American actor (1899–1977)

Raymond Forrest Lewis (November 5, 1899 – June 2, 1977) was an American actor of the theater, radio, motion pictures and television.

==Early years==
Lewis was born in Knightstown, Indiana, the son of Joseph Saint Lewis and Myla Leota Lewis and attended Indiana University for a year. On August 23, 1917, he married Elsa Grace Cross in Knightstown. They had a son, Forrest Gallion Lewis, and eventually divorced.

== Stage ==
Lewis acted in repertory theater and then on Broadway with Lenore Ulric in Lulu Belle. He also acted in touring productions, including Broken Dishes (1930).

==Radio==
Lewis's roles on radio programs included those shown in the table below.

| Program | Role |
|---|---|
| The Great Gildersleeve | Peavey |
| I Love a Mystery | Michael |
| Meet the Meeks | Mortimer Meek |
| Mystery House | Dan Glenn |
| Scattergood Baines | J. Wellington Keats |
| The Woman in My House | James Carter |

Also in radio (1948–1950) he had parts in the anthology Destination Freedom, a series written by Richard Durham, dedicated to the retelling the lives of notable Negros in the Americas.

Lewis was in the supporting cast of Family Skeleton and The Roy Rogers Show.

==Television==
Lewis played Peavey in the syndicated television version of The Great Gildersleeve (1954–1955) and Mr.

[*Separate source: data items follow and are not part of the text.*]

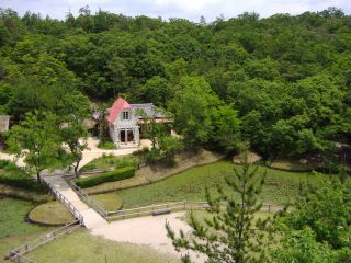 愛知万博の時、ローソンでもネットでも予約が取れなかった待望の『さつきとメイの家』へ行った。何度も繰り返し見ていたトトロだけど、帰国前にも最後の予習(?)。前の晩は、近く(?)の温泉に従姉妹たちと一緒に泊まって、帰国前々日の夜も楽しく過ごす。結構駐車場から遠かったけど、もうすぐ80のおじいちゃんももうすぐ2歳のKちゃんも元気に歩いた。予習ばっちりの丑太郎と寅子は、説明のお姉さんのいろいろな質問にも元気よく答えて、わくわく。家に入ったとたん、メイのように元気に探検して回った。どんぐりも見つけた。やっと願いがかなってよかったね。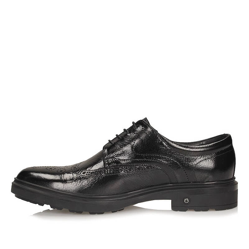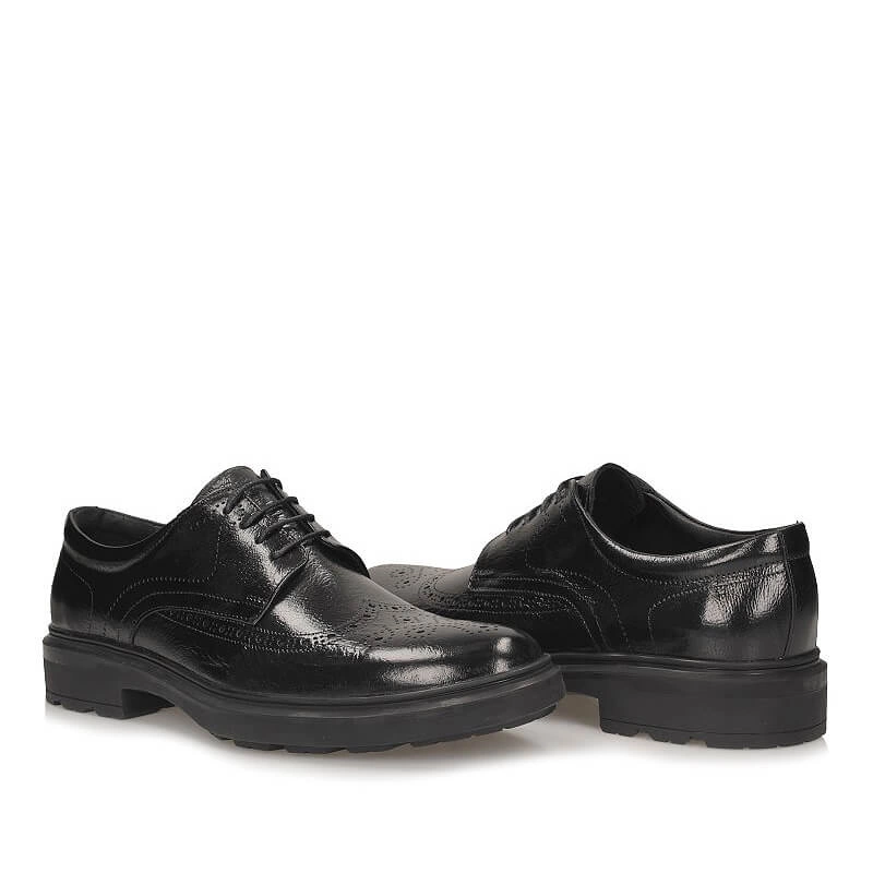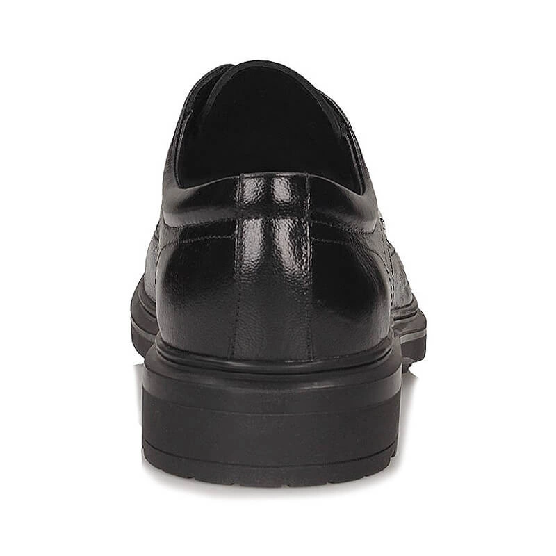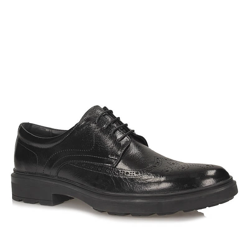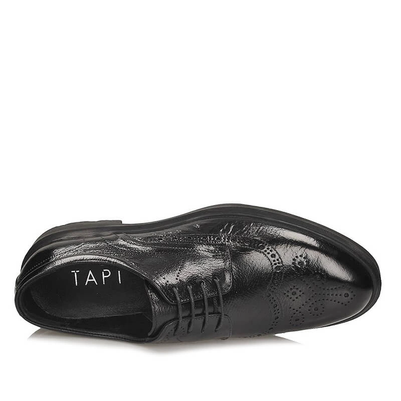 Półbuty polskiej marki Tapi pochodzące z najnowszej kolekcji. Eleganckie obuwie wykonane z wysokogatunkowej skóry naturalnej licowej, w klasycznym czarnym kolorze. Wnętrze obuwia wykonane zostało również ze skóry naturalnej, która zapewni komfort naszym stopom. Model jest sznurowany na cztery dziurki, co pozwoli na dopasowanie obuwia do tęgości stóp. Nosek jest zaokrąglony, lekko uniesiony ku górze. Podeszwa wykonana z wysokiej jakości tworzywa sztucznego odpornego na ścieranie. Na całym obuwiu są wzory.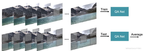 如下图所示,在训练过程中,从压缩视频片段和相应的参考视频片段中随机裁剪出一个256×256的图像块patch(针对FR框架),然后将压缩视频的质量评分直接作为裁剪patch的训练标签。测试时,从每一帧的四个角和中心裁剪得到5个大小为256×256的patch分别计算分值(FR框架),所有patch的平均得分作为压缩视频的预测分。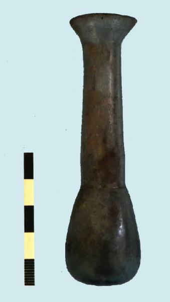 balsamario in vetro di colore azzurro, corpo piriforme e lungo collo tubolare, con leggera strozzatura alla base dello stesso. Labbro tagliato e arrotondato.

Mack, the host on the ABC children's series Sandy Strong (1952).

In the mid-1950s, he appeared as a deputy in the syndicated crime drama Sheriff of Cochise and its successor series, U.S. Marshal, both starring John Bromfield. He guest starred with Maudie Prickett in the episode "Brief Glory" of the syndicated Western series 26 Men, starring Tris Coffin. He appeared on a wide array of programs, ranging from the CBS Western series My Friend Flicka, set on a Wyoming ranch, to the NBC sitcom, The People's Choice, with Jackie Cooper, to the ABC's Western drama, The Man from Blackhawk, starring Robert Rockwell. He also appeared on the NBC Western series, Riverboat, starring Darren McGavin, and on the ABC sitcom, Harrigan and Son, starring Pat O'Brien, and the ABC drama series about the Roman Catholic priesthood, Going My Way. In 1957 Lewis appeared as Charlie Miller in the TV Western Cheyenne in the episode titled "Land Beyond the Law." He played Doc Blake in Wanted Dead or Alive S2 E13 "No Trail Back" which aired 11/28/1959.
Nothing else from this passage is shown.